◆ Provided records:
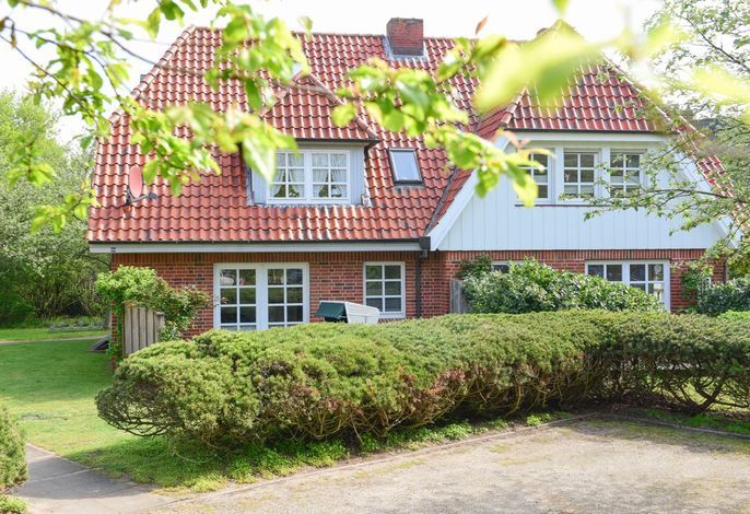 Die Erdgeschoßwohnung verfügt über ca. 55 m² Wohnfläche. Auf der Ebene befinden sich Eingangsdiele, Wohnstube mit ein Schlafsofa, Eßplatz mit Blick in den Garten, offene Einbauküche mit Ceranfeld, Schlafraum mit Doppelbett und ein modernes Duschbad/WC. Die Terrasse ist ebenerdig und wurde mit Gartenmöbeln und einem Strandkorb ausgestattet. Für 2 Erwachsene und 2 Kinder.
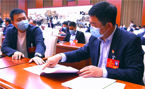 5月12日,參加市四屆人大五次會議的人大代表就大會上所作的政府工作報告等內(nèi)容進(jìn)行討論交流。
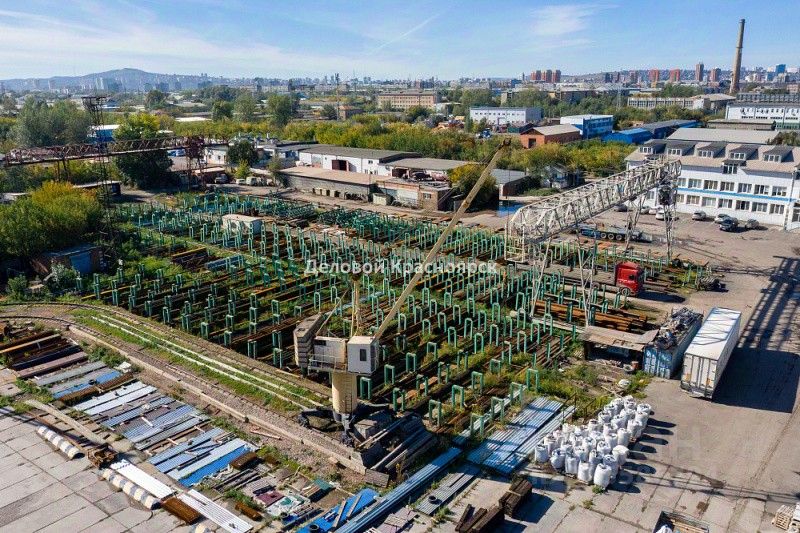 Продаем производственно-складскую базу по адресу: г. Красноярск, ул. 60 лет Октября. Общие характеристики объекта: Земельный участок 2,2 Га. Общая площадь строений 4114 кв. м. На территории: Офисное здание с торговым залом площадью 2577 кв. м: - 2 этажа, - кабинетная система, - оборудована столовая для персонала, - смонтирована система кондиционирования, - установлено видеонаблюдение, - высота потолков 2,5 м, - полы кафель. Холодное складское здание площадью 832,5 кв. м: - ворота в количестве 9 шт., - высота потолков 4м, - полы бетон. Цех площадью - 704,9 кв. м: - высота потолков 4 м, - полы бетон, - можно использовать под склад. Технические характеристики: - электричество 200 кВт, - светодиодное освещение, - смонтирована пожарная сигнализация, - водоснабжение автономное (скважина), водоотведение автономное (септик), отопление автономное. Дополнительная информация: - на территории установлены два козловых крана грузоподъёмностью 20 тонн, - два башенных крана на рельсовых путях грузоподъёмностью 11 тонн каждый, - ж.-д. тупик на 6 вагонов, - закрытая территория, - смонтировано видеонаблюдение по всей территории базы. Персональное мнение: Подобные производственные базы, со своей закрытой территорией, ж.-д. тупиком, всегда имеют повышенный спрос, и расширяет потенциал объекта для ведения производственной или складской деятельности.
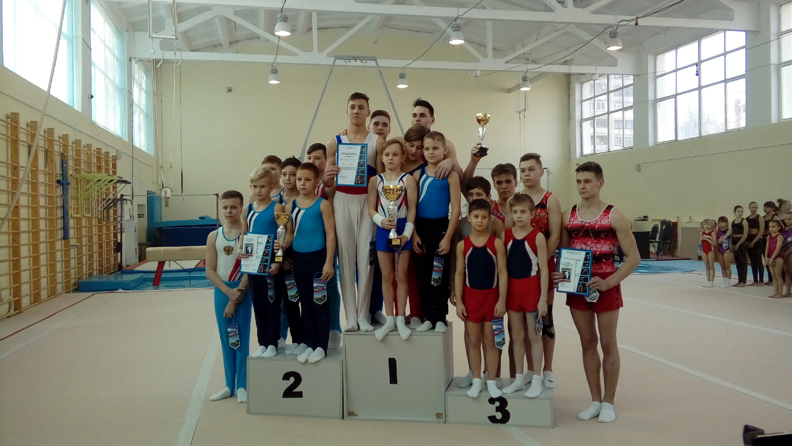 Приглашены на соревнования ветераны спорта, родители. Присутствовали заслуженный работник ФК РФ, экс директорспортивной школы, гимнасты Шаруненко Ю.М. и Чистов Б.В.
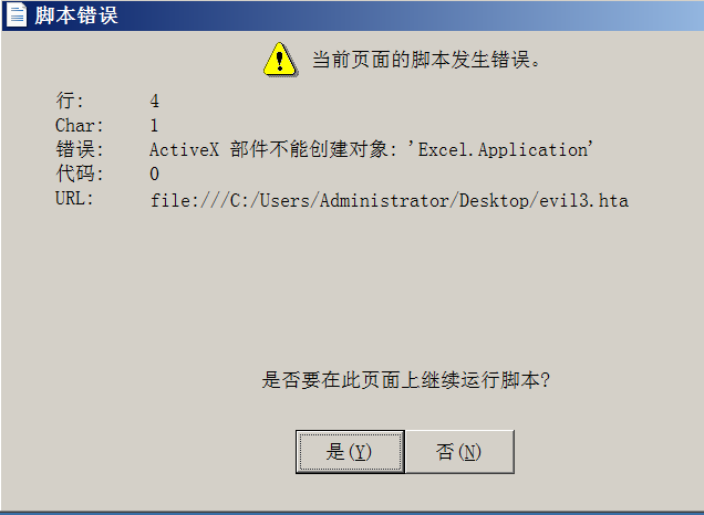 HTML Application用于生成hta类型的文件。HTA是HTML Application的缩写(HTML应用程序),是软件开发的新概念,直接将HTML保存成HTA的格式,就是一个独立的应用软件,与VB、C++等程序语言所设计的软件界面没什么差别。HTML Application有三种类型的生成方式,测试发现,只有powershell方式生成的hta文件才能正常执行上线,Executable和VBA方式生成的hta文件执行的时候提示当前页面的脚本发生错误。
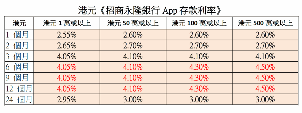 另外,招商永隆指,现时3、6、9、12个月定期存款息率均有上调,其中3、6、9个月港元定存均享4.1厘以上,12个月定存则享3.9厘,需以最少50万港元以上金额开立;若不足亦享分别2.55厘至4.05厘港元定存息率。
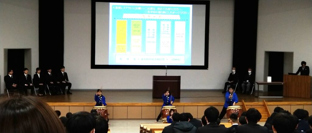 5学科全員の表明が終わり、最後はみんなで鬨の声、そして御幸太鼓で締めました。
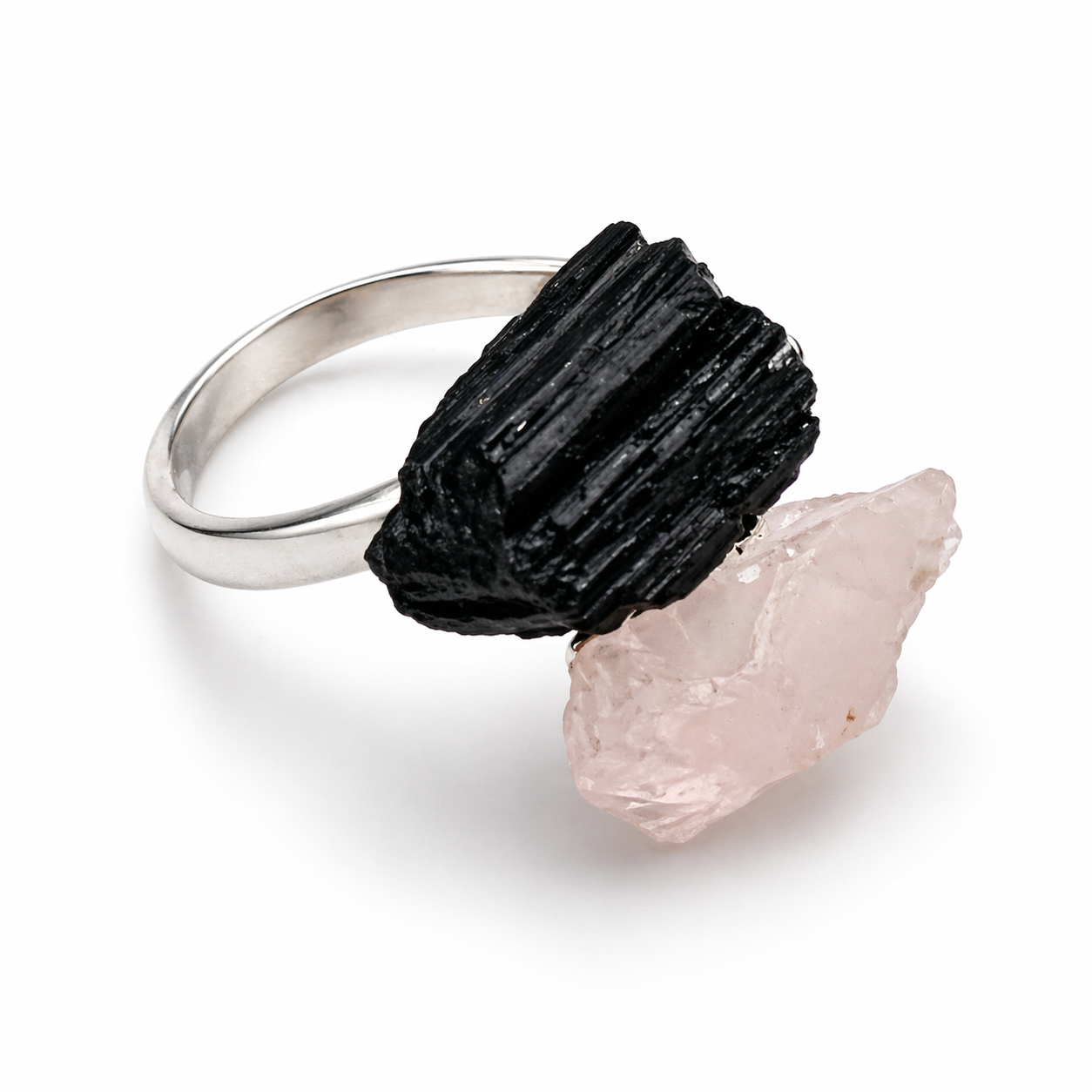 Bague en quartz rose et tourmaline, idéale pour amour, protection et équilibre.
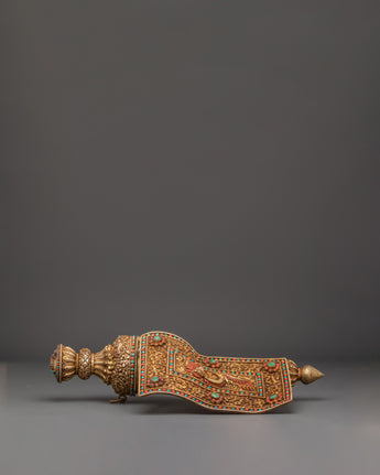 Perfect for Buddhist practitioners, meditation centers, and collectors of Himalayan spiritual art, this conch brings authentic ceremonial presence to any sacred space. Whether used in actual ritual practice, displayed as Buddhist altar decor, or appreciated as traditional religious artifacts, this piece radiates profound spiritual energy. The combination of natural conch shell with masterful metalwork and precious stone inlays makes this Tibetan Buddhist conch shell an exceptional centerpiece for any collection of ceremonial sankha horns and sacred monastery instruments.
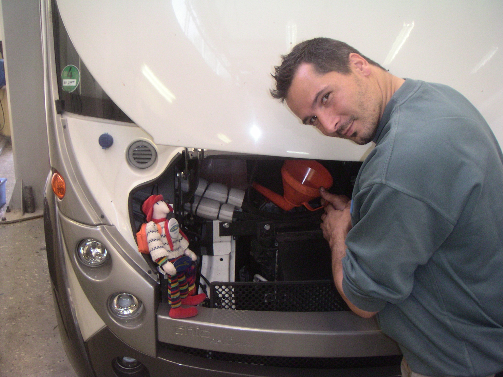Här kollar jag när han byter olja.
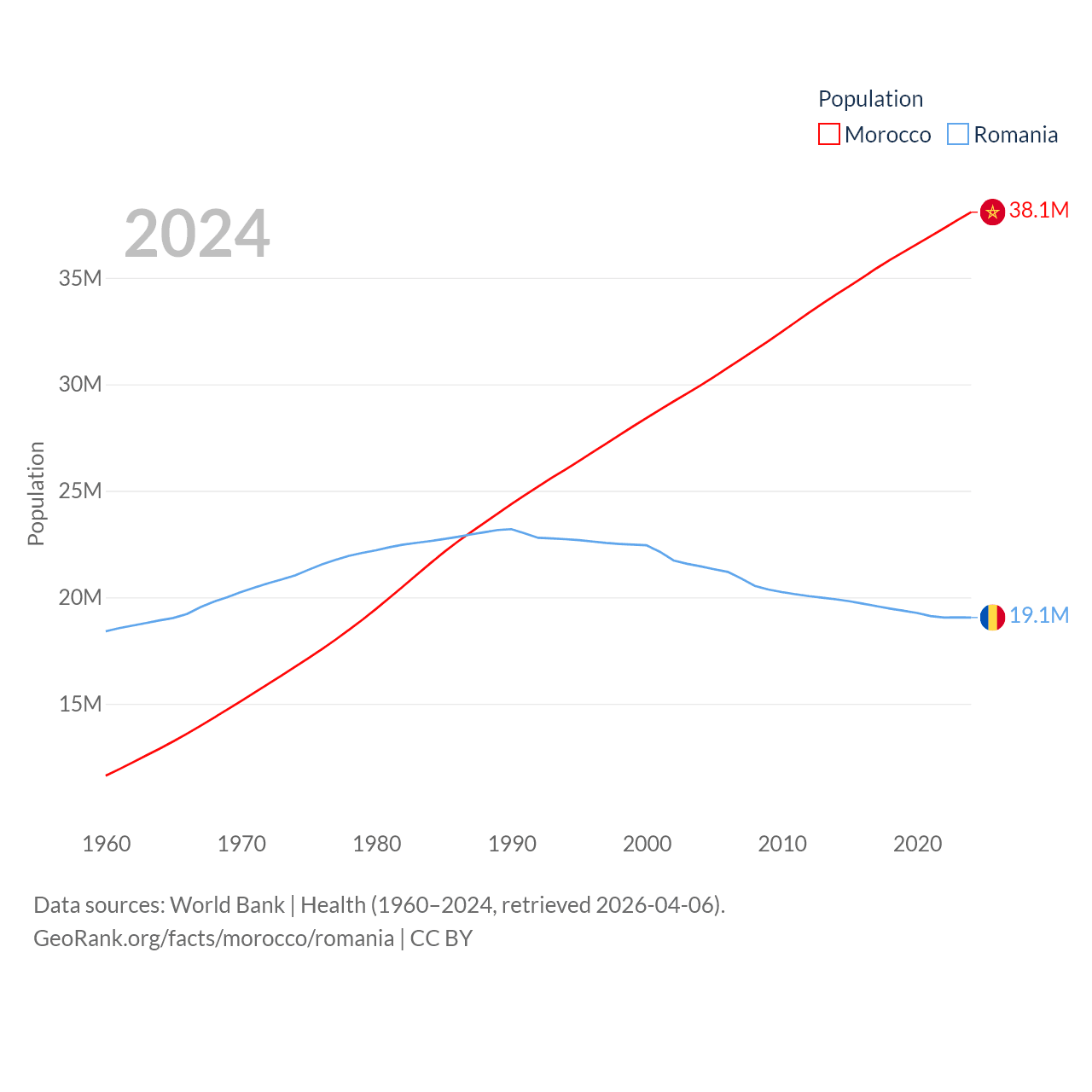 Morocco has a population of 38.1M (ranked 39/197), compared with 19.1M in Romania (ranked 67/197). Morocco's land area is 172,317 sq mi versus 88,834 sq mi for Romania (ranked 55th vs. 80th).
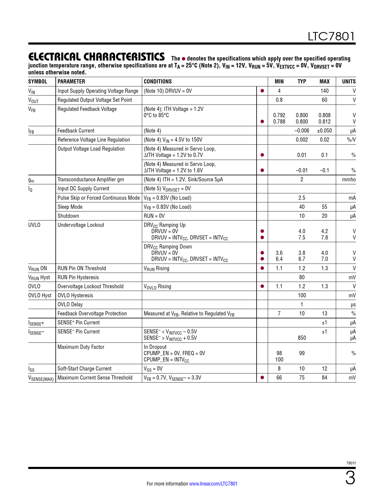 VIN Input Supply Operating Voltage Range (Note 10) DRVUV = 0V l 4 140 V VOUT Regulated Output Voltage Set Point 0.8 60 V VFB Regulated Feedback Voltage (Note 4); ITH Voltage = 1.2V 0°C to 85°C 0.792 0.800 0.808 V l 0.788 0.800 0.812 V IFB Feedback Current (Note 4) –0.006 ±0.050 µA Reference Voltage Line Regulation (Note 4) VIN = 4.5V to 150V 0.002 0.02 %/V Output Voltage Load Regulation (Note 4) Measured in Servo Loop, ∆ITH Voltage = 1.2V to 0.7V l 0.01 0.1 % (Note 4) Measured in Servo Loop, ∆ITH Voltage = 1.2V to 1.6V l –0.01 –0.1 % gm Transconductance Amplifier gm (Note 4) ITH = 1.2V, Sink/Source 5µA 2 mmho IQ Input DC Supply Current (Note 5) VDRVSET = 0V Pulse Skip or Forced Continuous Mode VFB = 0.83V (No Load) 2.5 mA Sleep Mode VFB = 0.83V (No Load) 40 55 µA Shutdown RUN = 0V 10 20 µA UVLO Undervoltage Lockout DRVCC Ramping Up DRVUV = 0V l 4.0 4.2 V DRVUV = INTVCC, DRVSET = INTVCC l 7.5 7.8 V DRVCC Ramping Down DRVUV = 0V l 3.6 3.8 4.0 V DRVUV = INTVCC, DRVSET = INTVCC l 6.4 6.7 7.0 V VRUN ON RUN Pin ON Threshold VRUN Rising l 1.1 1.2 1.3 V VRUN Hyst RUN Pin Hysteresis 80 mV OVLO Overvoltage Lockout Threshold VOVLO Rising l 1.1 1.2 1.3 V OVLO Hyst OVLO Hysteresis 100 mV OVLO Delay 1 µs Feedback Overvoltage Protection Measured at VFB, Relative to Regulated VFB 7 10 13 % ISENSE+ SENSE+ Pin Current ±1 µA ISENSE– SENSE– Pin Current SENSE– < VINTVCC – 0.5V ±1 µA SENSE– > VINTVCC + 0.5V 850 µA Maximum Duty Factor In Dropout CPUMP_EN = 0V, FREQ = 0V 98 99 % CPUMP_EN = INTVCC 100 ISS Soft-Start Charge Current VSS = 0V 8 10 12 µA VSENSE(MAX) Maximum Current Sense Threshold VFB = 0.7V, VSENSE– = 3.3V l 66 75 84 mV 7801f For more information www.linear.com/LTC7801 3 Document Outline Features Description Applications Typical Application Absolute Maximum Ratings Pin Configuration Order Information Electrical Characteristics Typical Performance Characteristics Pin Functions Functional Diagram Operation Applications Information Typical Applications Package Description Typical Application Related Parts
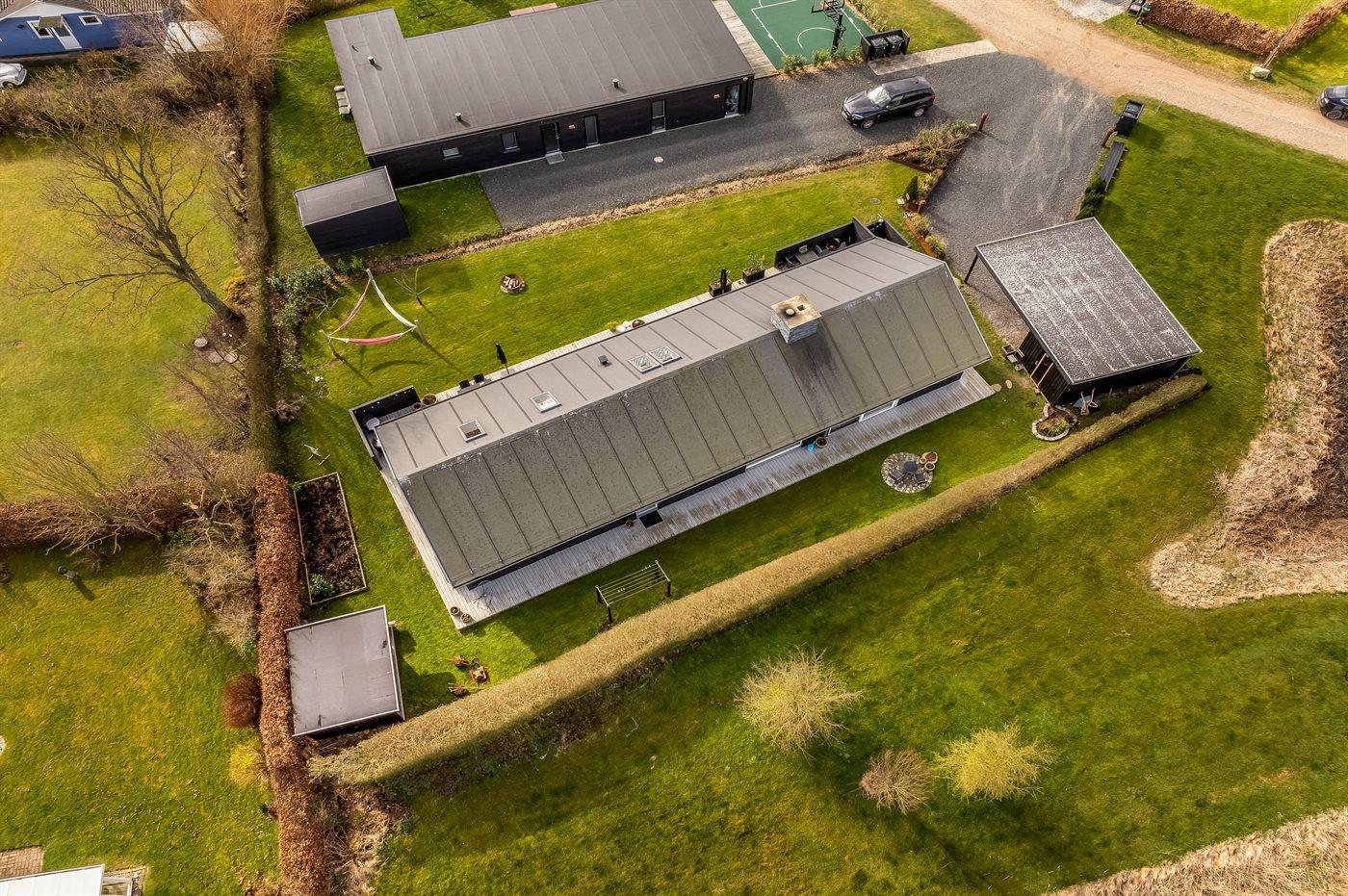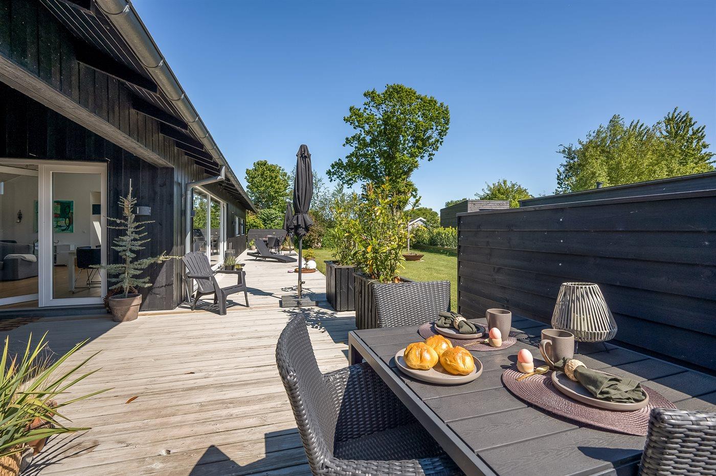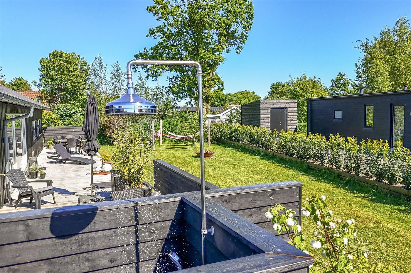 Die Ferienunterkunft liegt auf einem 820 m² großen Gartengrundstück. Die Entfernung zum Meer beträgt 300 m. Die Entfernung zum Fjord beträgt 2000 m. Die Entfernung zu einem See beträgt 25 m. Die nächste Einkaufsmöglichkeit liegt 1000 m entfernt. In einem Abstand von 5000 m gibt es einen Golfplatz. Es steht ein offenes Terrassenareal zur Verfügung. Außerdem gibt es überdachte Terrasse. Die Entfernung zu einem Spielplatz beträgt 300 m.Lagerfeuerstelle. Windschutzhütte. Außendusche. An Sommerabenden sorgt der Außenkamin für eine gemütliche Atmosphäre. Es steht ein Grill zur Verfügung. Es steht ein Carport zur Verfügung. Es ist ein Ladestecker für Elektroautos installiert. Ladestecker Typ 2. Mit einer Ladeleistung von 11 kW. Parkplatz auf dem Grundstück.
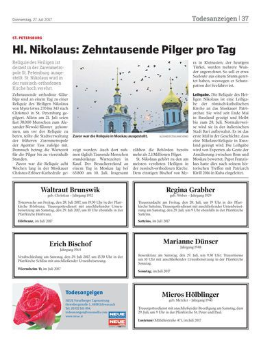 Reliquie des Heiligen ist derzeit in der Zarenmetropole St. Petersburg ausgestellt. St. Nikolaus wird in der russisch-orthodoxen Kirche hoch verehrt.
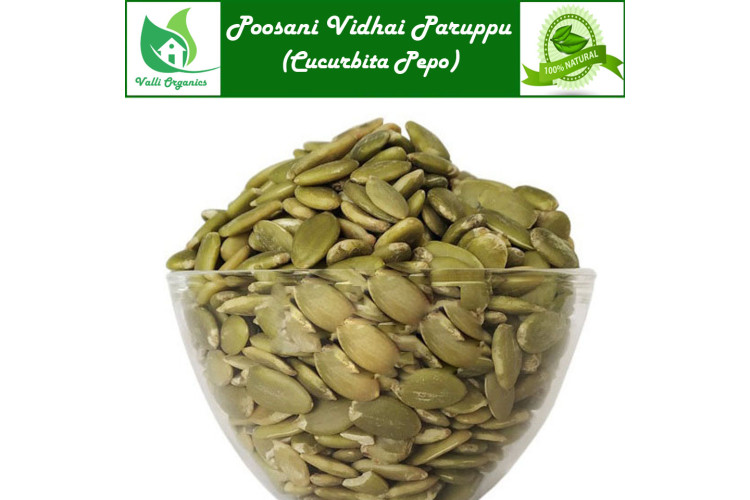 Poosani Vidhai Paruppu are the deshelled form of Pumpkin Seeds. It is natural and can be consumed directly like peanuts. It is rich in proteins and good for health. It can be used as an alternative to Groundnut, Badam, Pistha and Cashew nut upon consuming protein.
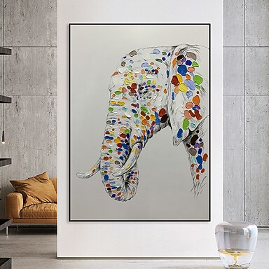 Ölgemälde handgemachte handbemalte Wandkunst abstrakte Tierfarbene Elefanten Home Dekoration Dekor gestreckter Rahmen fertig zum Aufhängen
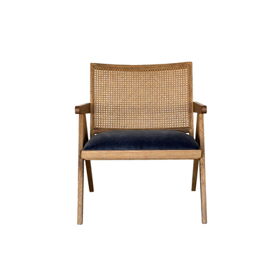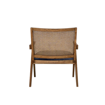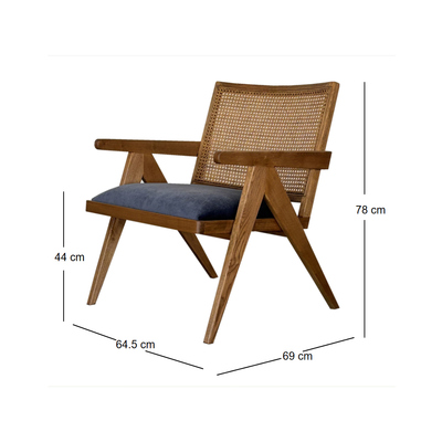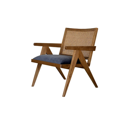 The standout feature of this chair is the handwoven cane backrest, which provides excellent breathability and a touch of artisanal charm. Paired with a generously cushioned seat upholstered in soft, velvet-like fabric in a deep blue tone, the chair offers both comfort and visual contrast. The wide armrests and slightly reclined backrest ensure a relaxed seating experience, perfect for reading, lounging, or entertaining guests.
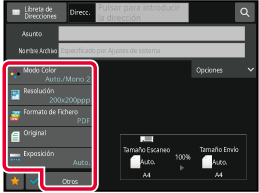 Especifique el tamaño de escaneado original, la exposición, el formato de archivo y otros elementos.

◆ Exercise: In the data above, find the line containing "5学科全員の表明が終わり、最後はみんなで鬨の声、そして御幸太鼓で締めました。" and the line containing "Här kollar jag när han byter olja.". Repeat those two lines and everything between them exactly, minus the pictures.

◆ Answer:
 5学科全員の表明が終わり、最後はみんなで鬨の声、そして御幸太鼓で締めました。
 Bague en quartz rose et tourmaline, idéale pour amour, protection et équilibre.
 Perfect for Buddhist practitioners, meditation centers, and collectors of Himalayan spiritual art, this conch brings authentic ceremonial presence to any sacred space. Whether used in actual ritual practice, displayed as Buddhist altar decor, or appreciated as traditional religious artifacts, this piece radiates profound spiritual energy. The combination of natural conch shell with masterful metalwork and precious stone inlays makes this Tibetan Buddhist conch shell an exceptional centerpiece for any collection of ceremonial sankha horns and sacred monastery instruments.
Här kollar jag när han byter olja.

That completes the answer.